▶ Stored records
▼

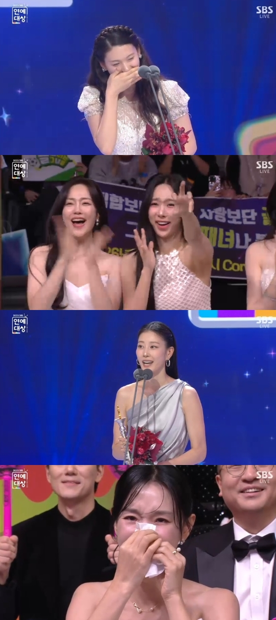 공동 수상자에 이름을 올린 이현이는 "이 상은 제가 받았다기보다 '동상이몽', '골때녀' 제작진분들이 받아야 하는데 제가 대신 받은 거다. 제가 방송인, 모델, 아내, 며느리, 딸 등 여러 가지 역할을 하고 있는데 열심히 잘 해보고자 아등바등 고군분투하면서 살고 있다"라고 진심을 전했다. 이에 '동상이몽'을 함께 출연 중인 이지혜가 눈물을 쏟았다.
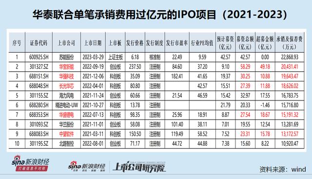 Wind显示,2021-2023年,华泰联合合计保荐68家IPO项目成功上市,合计获得48.58亿元承销保荐佣金,平均每单IPO项目获得7144万元佣金。
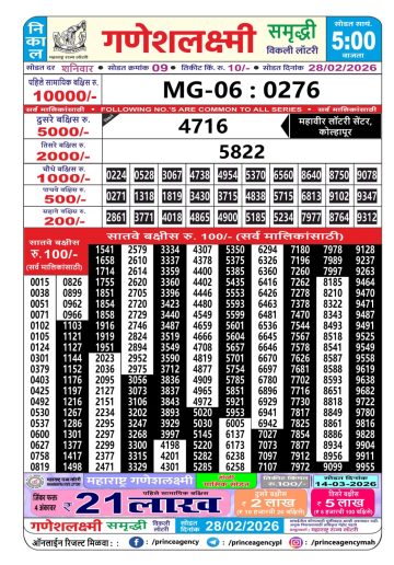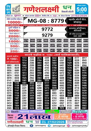 • Maharashtra Ganesh Laxmi Lottery Result 28/02/26
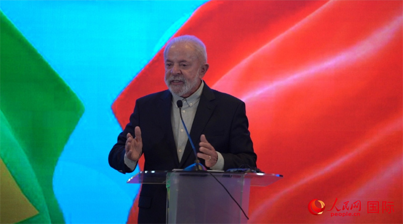 巴西總統(tǒng)盧拉·達席爾瓦14日在京舉行新聞發(fā)布會。人民網(wǎng)記者 魯揚攝
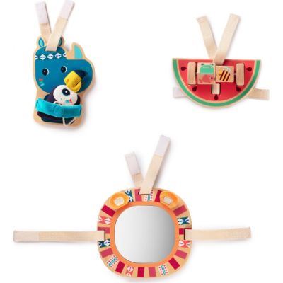 Ce set, constitué de 3 éléments indépendants, se fixe aisément au parc de bébé. Chaque panneau est composé de plusieurs matières et propose différentes activités. Le toucan se glisse dans les bras de Marius, les cubes permettent de former des paires sur la pastèque et le lion est un miroir. Un monde de nouvelles expériences s'ouvre à votre tout-petit. > voir détail
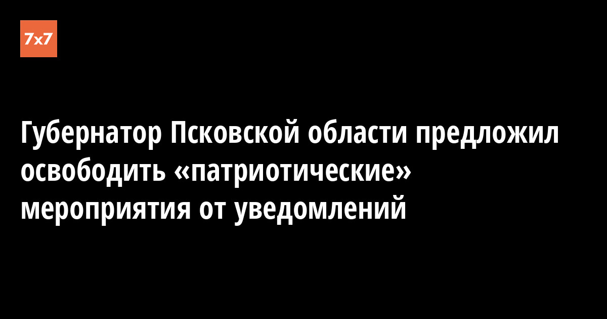 Губернатор Псковской области Михаил Ведерников внес в областное Собрание законопроект, который разрешит проводить ряд публичных мероприятий без обязательного уведомления властей. Внимание на это обратила «Псковская губерния».
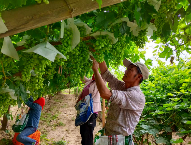 走进葡萄种植基地,连片的葡萄架下,沉甸甸的果穗压弯了藤蔓,阳光透过叶片洒在果实上,折射出诱人的光泽。田间连片的标准化避雨设施为葡萄撑起“防护伞”,将自然降水可能引发的裂果、霉变等生长风险稳稳阻隔。科学精细的水肥管理体系,不仅让每一株葡萄都长得茎秆粗壮、叶片浓绿,更让串串果实疏密有致、大小匀称。
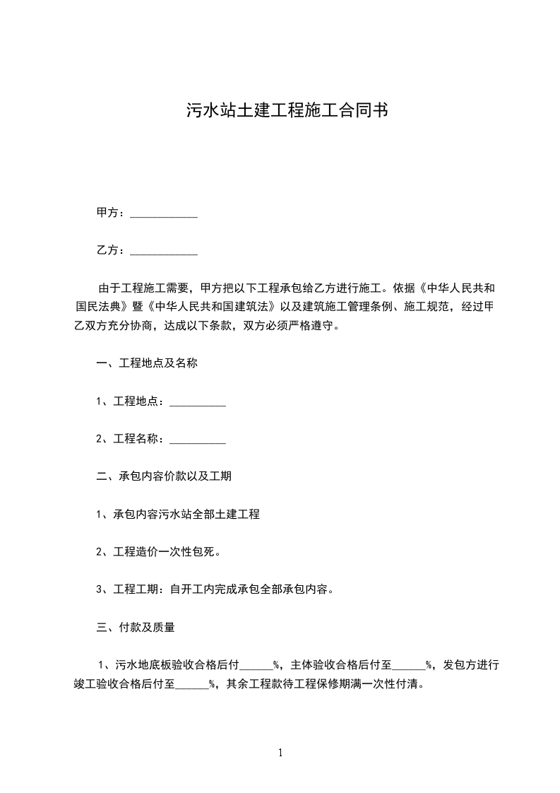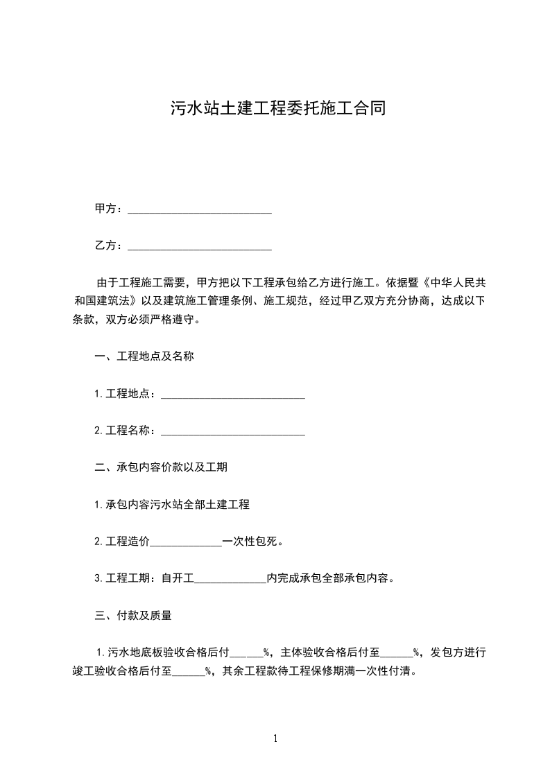 1、污水地底板验收合格后付______%,主体验收合格后付至______%,发包方进行竣工验收合格后付至______%,其余工程款待工程保修期满一次性付清。
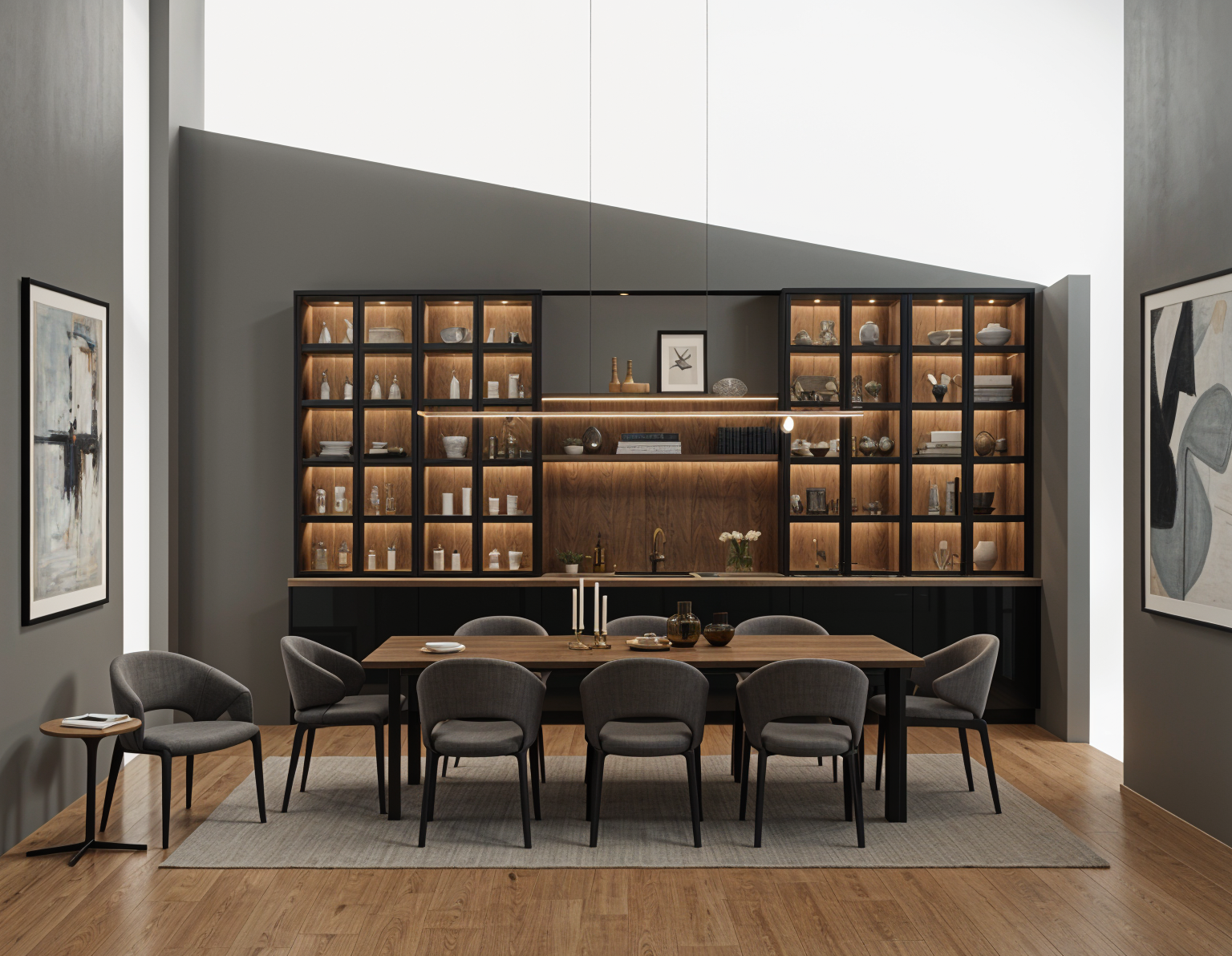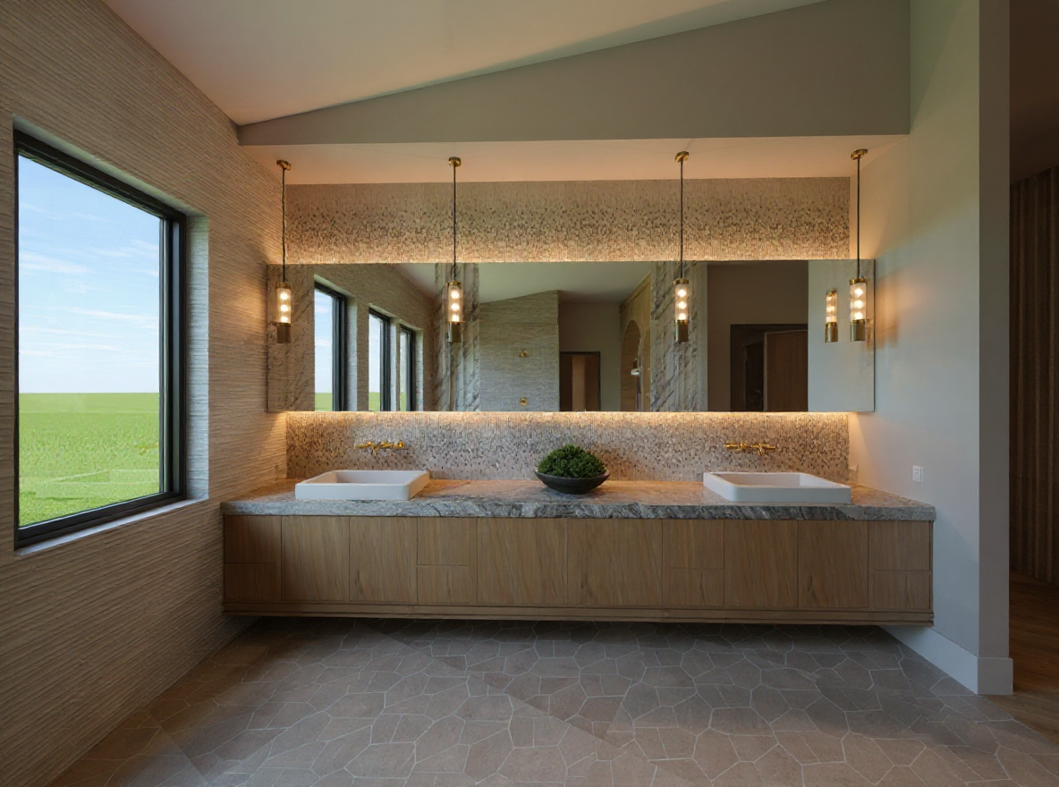 turn this blue print into a 3d primary bedroom the wall with the door is 10 feet tall and the ceiling runs up to the opposite wall that is at 16 feet high fill with clean but open boho room
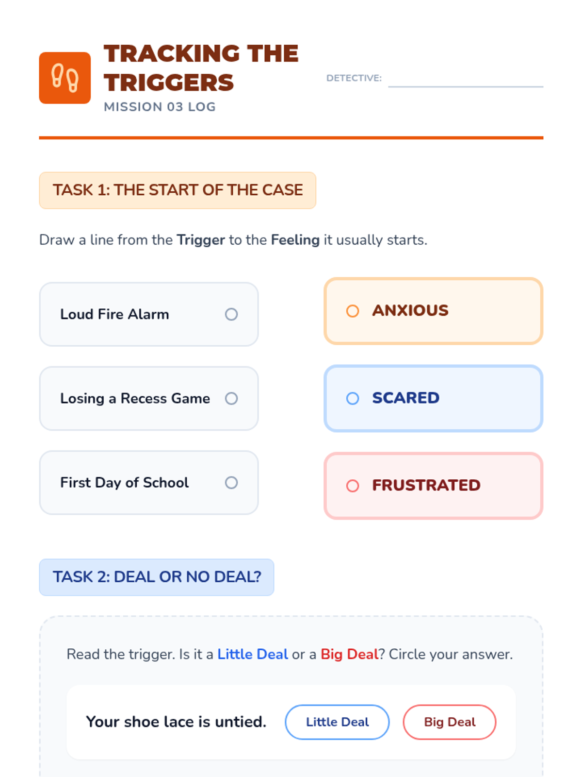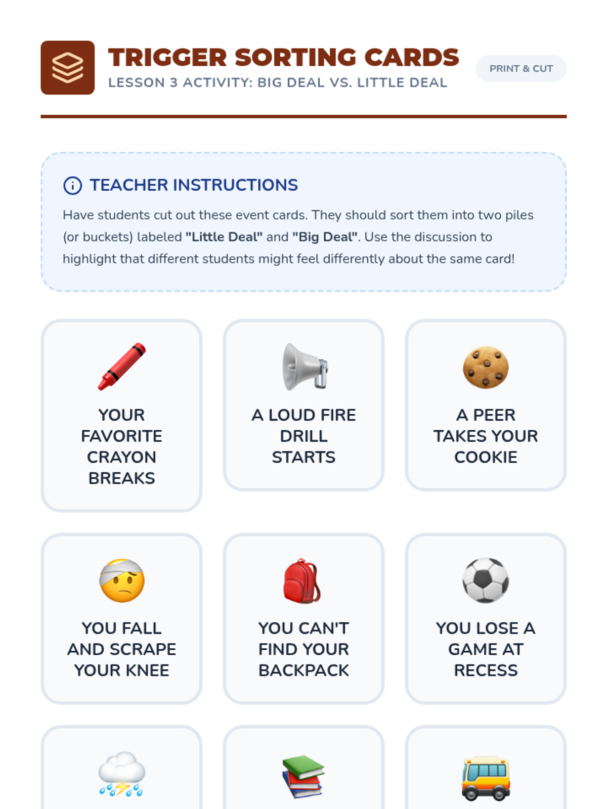 Students identify specific 'triggers' that cause emotional shifts and practice cause-and-effect reasoning for their reactions.
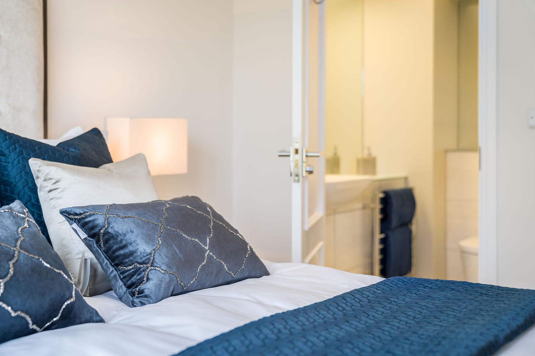 Bathrooms have the class of a boutique hotel, with high-end sanitary ware, taps and showers and porcelain tiling throughout. A huge shower, mirrored wall, recessed shelving and concealed cistern are design touches you will love.
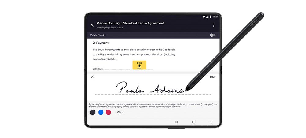 DocuSign, qui offre la solution de signature électronique leader au monde et est utilisé par 24 des 25 plus grandes sociétés financières du Fortune 500 a également été optimisé pour Android 12L. Le Galaxy Z Fold4 simplifie la signature d’accords sur de grands écrans. Les utilisateurs peuvent désormais rapidement faire glisser et déposer des pièces jointes d’e-mails en mode multi-vues directement dans DocuSign eSignature, sceller rapidement des accords lors de leurs déplacements avec le S Pen de Samsung et la signature Flex Mode dédiée.
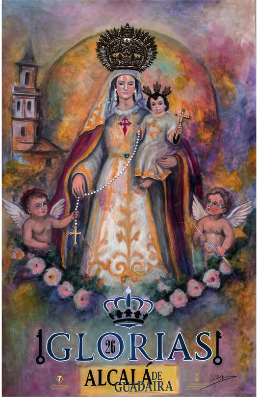 El cartel de las Glorias alcalareñas de este año nace de la mano de Pablo Rosa Rodríguez y se presenta como algo más que una imagen: es, en palabras del propio autor, “un verdadero pregón pictórico, un susurro de fe hecho color, luz y memoria”. La pintura, dedicada a la Virgen del Rosario de Santiago, Titular de la Hermandad de la Misericordia, se convierte en un puente entre siglos de devoción y el presente vivo de un pueblo que sigue mirando a su Madre con la misma emoción de siempre.
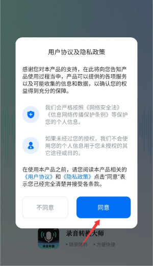 1、首次启动应用时,系统会显示用户协议和隐私政策,阅读后点击同意按钮进入主界面。
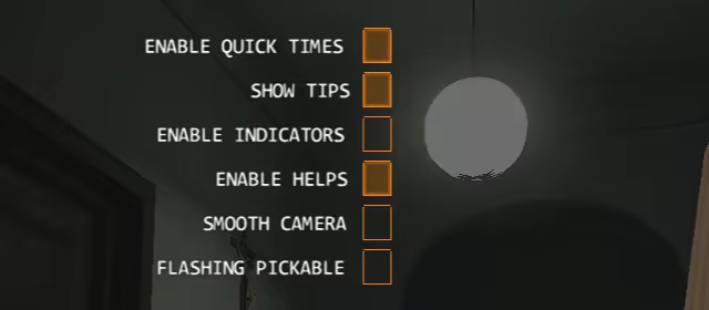 • Puoi abilitare l’opzione “aiuti”. Attivandoli, il gioco ti aiuterà in molte situazioni, come trovare una chiave o un oggetto importante. Se preferisci fare tutto da solo, anche se significa passare molto tempo nel gioco, puoi disattivare questa opzione.
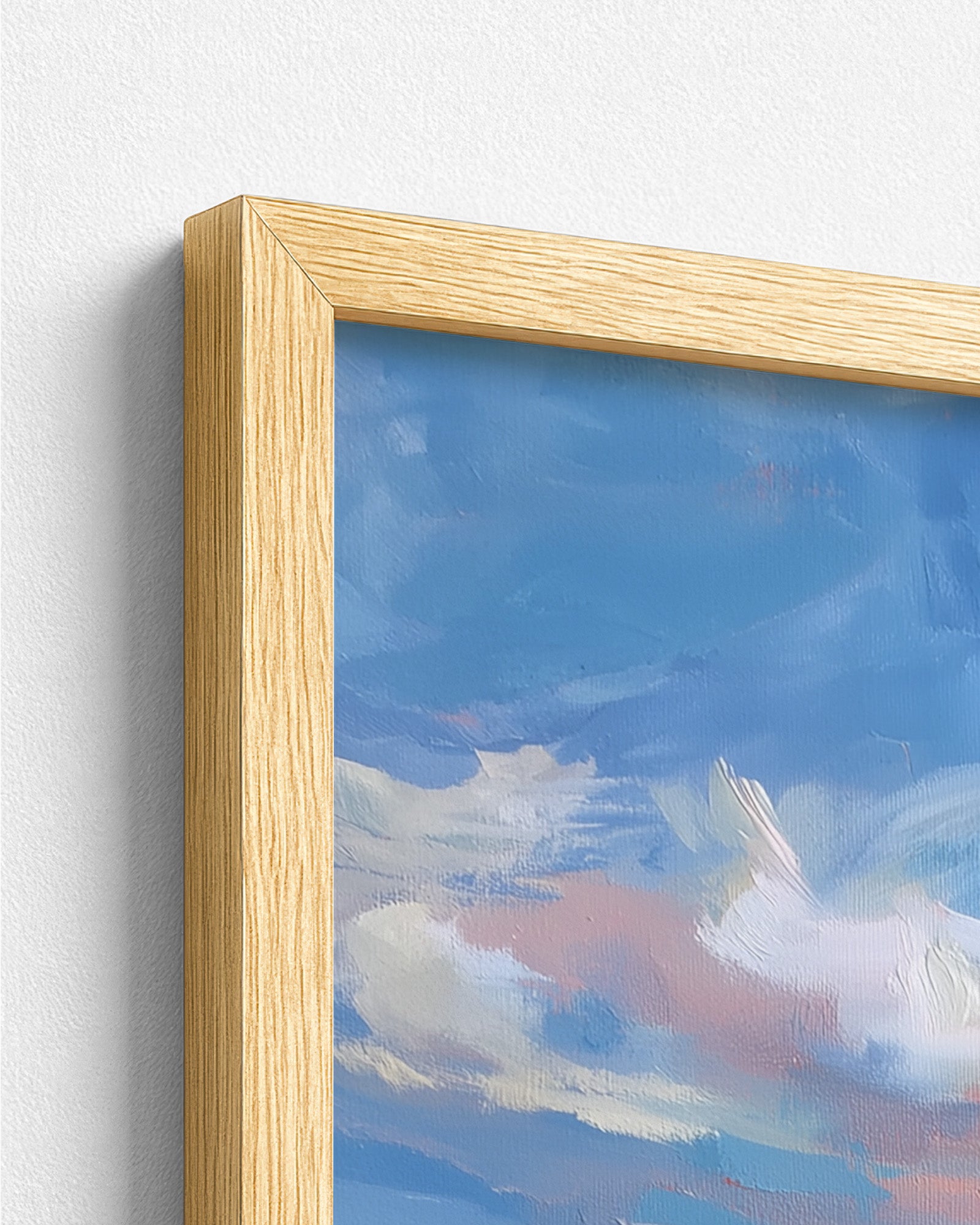 Premium artwork printed on high-quality paper, professionally mounted within a durable pine wood frame.
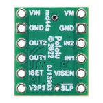 The product’s features include an H-bridge motor driver, a motor supply voltage range of 1.8 to 22 V, a logic supply voltage range of 1.8 to 4.9 V, and an output current of up to 1.7 A continuous. The current control limits the peak current to 2.5 A by default. It also offers under-voltage lockout and protection against over-current and over-temperature. The carrier board provides reverse-voltage protection up to 20 V. The device’s compact size (0.5 x 0.6 inch) adds to its appeal.

▲

Go to the line above that has "turn this blue" and copy exactly from there down to the line that has "Students identify specific", both included. Leave the pictures out.

▶ Exercise solution
 turn this blue print into a 3d primary bedroom the wall with the door is 10 feet tall and the ceiling runs up to the opposite wall that is at 16 feet high fill with clean but open boho room
 Students identify specific 'triggers' that cause emotional shifts and practice cause-and-effect reasoning for their reactions.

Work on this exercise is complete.